Neural dynamics during acquisition of motivational significance

Keil, A., Moratti, S., Stolarova, M., and Ihssen, N.
Department of Psychology, University of Konstanz, Germany
E-mail: andreas.keil@uni-konstanz.de

Perception and evaluation of emotionally arousing scenes is essential for the organization and regulation of an organism?s behavior. Recent work in the field of the cognitive neuroscience of emotions has provided a dimensional framework for emotional perception being based on the two dimensions of valence (appetitive versus defensive/aversive system) and arousal (amount of activation in either system or degree of co-activation of both systems). This work is based on network approaches to the organization of emotional perception and memory. Affective modulation of visual processing, for instance, may be effected by afferent projections to visual cortices, resulting in a facilitation of the neural tissue in cases where perceptual content is emotionally arousing.
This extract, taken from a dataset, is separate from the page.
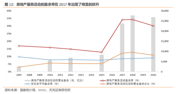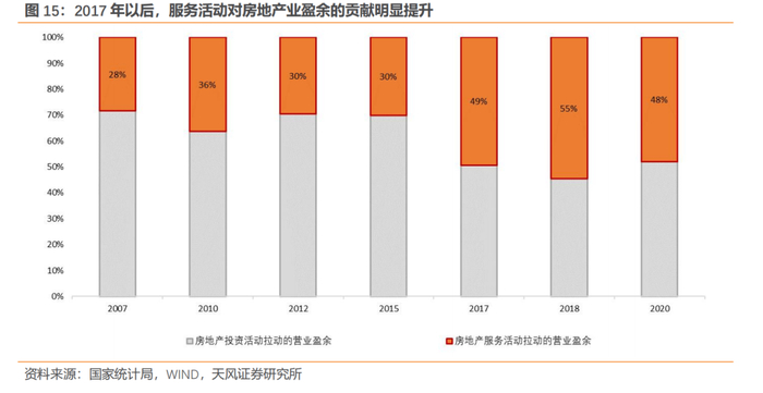 从广义房地产业内部的盈利贡献来看,2017年同样是个分水岭。2017年以前,投资活动是贡献盈利的主要分项,占比在30%左右;而2017年以后,服务活动对盈利的贡献明显提高,目前二者基本接近。

While interactions and overlaps between emotional arousal systems and attentional systems have recently been studied extensively, the dynamics of acquisition of affective dispositions remain largely unclear. The present talk presents a series of experiments using large-scale high-frequency and low-frequency oscillations as measured using Electro- and Magnetoencephalography, examining the time course of learning aversive reactions to conditioned stimuli. Using measures of within-site and between-site phase-locking, the functional organization of various subsystems was examined that act to bind together the activity of the distributed areas and finally establish emotional perception. Both induced and evoked (driven) oscillations showed time-dependent sensitivity to classical conditioning, with phase-locking and amplitude being increased as a function of (i) duration and (ii) motivational significance of a given stimulus.